→ **Action item**: Pictures must not appear in your answer. Write out exactly the lines from the one with "Pantalon à jambe large texturé fluide" through the last line of the entries below.

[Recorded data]
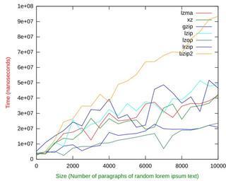 | Keywords: Benchmark common compression formats - Decompressing speed.svg en This is a comparison of popular compression formats by how many nanoseconds it takes to decompress each format The horizontal scale shows number or paragraphs containing random lorem ipsum text 2011-09-07 own AzaToth Following script was used to make the plots They where run on a mounted tmpfs dir <source lang bash > /bin/bash rm -f compress decompress factor for testnum in seq 0 500 10000 ; do lorem -p testnum > data for archiver in bzip2 lzma xz gzip lzip lzop lrzip; do case archiver in bzip2 suffix bz2;; lzma suffix lzma;; xz suffix xz;; gzip suffix gz;; lzip suffix lz;; lzop suffix lzo;; lrzip suffix lrz;; esac cp data current- testnum s1 stat -c s current- testnum c date + s N archiver current- testnum d date + s N total echo d- c bc echo testnum total >> archiver compress s2 stat -c s current- testnum suffix factor echo scale 10; s1/ s2 bc echo testnum factor >> archiver factor rm -f current- testnum c date + s N archiver -d current- testnum suffix d date + s N total echo d- c bc echo testnum total >> archiver decompress rm -f current rm -f bz2 lzma gz xz lzo lz lrz done done gnuplot < echo set terminal svg;set ylabel 'Time nanoseconds ' textcolor lt 1; set xlabel 'Size Number of paragraphs of random lorem ipsum text ' textcolor lt 2;plot 'lzma compress' title 'lzma' with lines 'xz compress' title 'xz' with lines 'gzip compress' title 'gzip' with lines 'lzip compress' title 'lzip' with lines 'lzop compress' title 'lzop' with lines 'lrzip compress' title 'lrzip' with lines 'bzip2 compress' title 'bzip2' with lines > compress svg gnuplot < echo set terminal svg;set ylabel 'Time nanoseconds ' textcolor lt 1; set xlabel 'Size Number of paragraphs of random lorem ipsum text ' textcolor lt 2;plot 'lzma decompress' title 'lzma' with lines 'xz decompress' title 'xz' with lines 'gzip decompress' title 'gzip' with lines 'lzip decompress' title 'lzip' with lines 'lzop decompress' title 'lzop' with lines 'lrzip decompress' title 'lrzip' with lines 'bzip2 decompress' title 'bzip2' with lines > decompress svg gnuplot < echo set terminal svg;set ylabel 'Compression factor' textcolor lt 1; set xlabel 'Size Number of paragraphs of random lorem ipsum text ' textcolor lt 2;plot 'lzma factor' title 'lzma' with lines 'xz factor' title 'xz' with lines 'gzip factor' title 'gzip' with lines 'lzip factor' title 'lzip' with lines 'lzop factor' title 'lzop' with lines 'lrzip factor' title 'lrzip' with lines 'bzip2 factor' title 'bzip2' with lines > factor svg </source> cc-zero Uploaded_with_UploadWizard Gnuplot_diagrams Images with BASH source code |
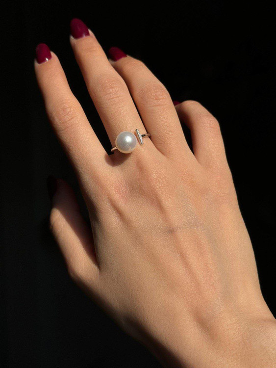 انگشتر وارداتی مرواریدی جواهری نقره زنانه کد 10665
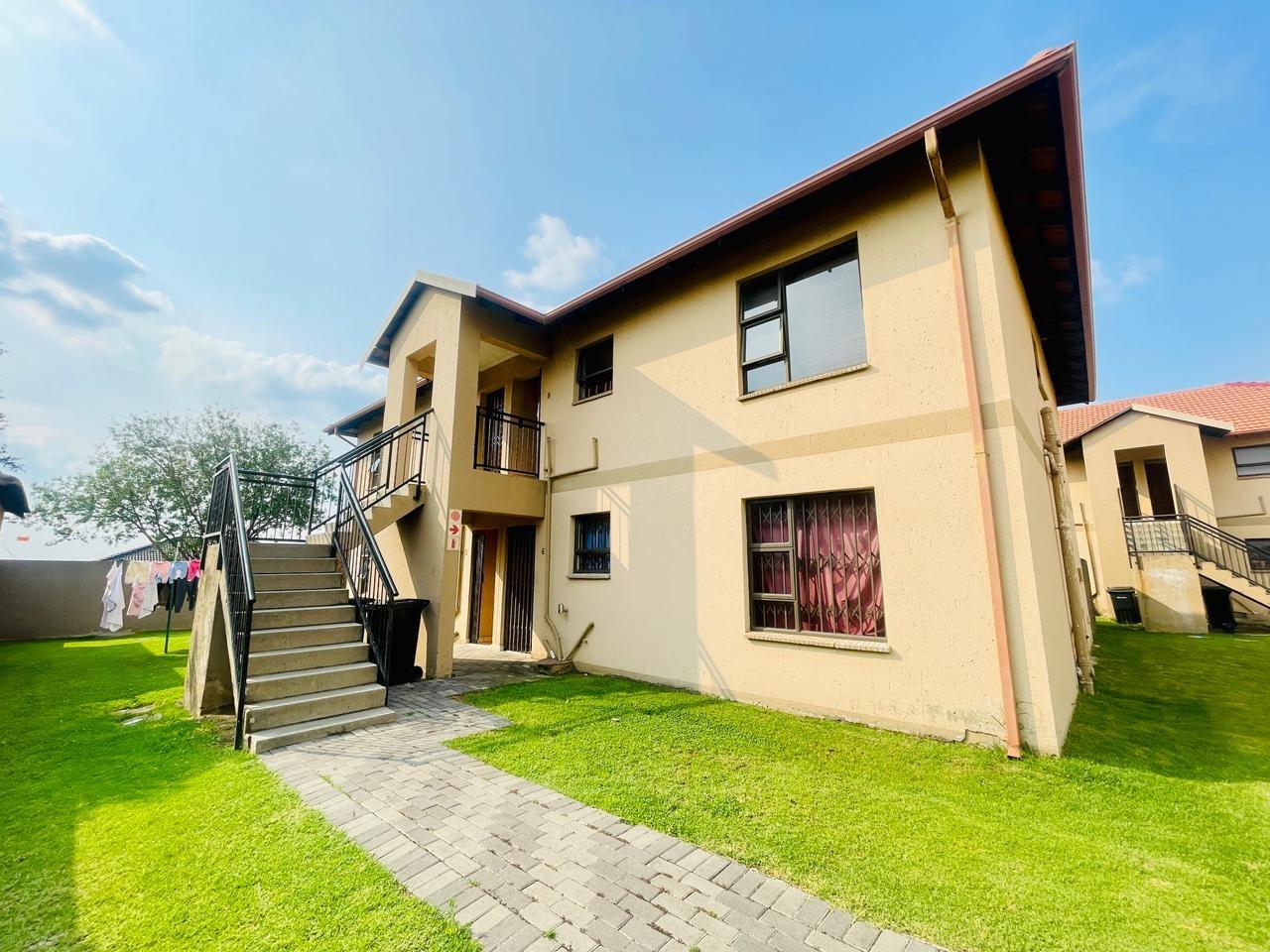 The property is part of a multi-unit building with a neat, light beige exterior and a well-kept lawn, contributing to its appealing kerb side presence. Residents benefit from two dedicated parking bays. The estate environment ensures a community feel, while the presence of security bars on ground-floor windows adds an extra layer of safety.
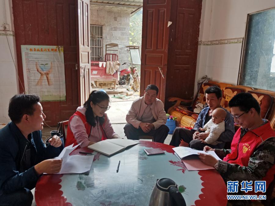 這是黃文秀(左二)生前下屯訪問(wèn)貧困戶的資料照片。新華社發(fā)
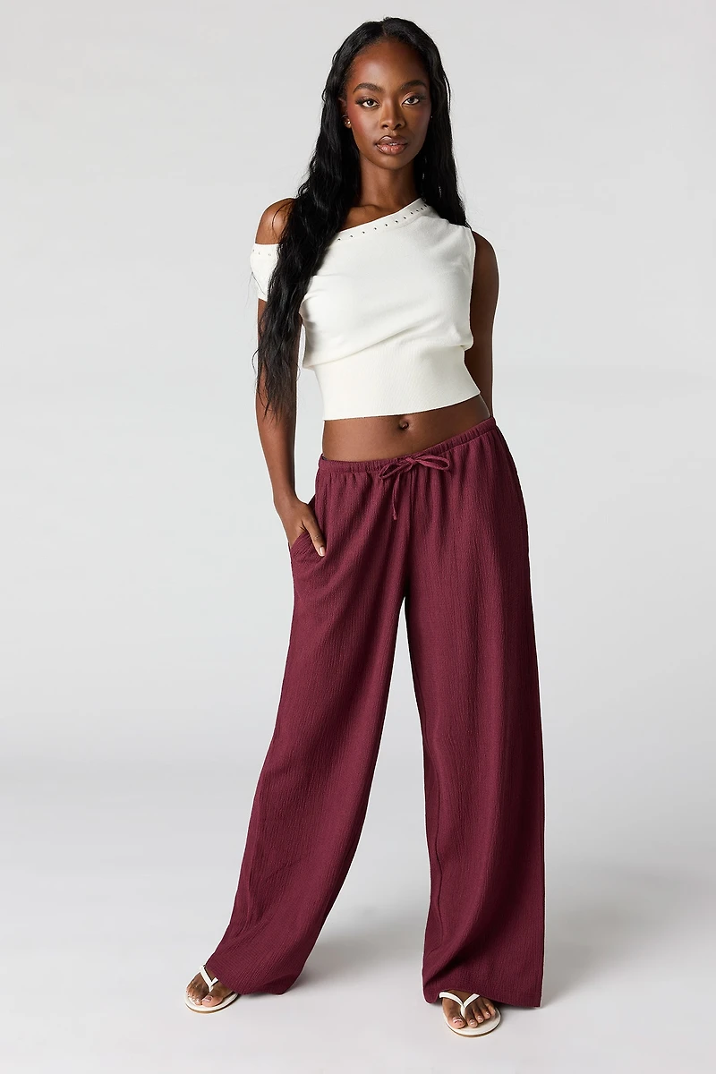 Pantalon à jambe large texturé fluide
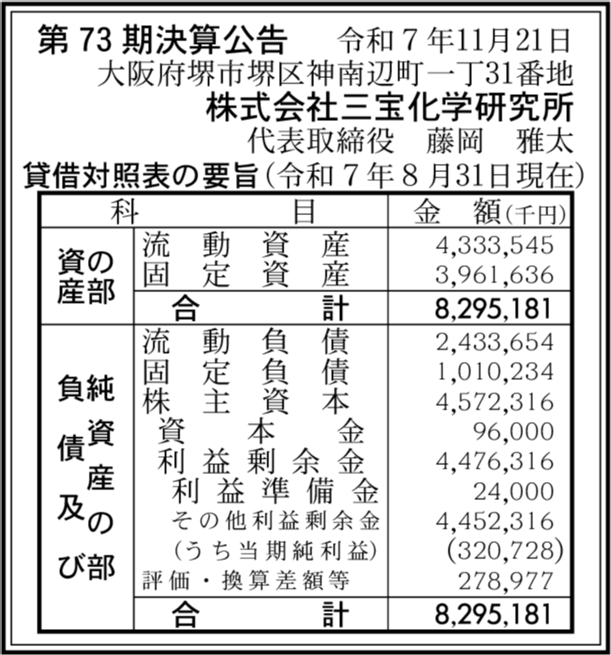 | 会社名 | 株式会社三宝化学研究所 |
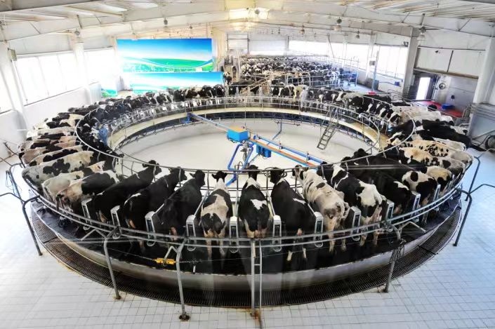 伊利牧場轉(zhuǎn)盤式擠奶現(xiàn)場。

→ **Task result**:
 Pantalon à jambe large texturé fluide
 | 会社名 | 株式会社三宝化学研究所 |
 伊利牧場轉(zhuǎn)盤式擠奶現(xiàn)場。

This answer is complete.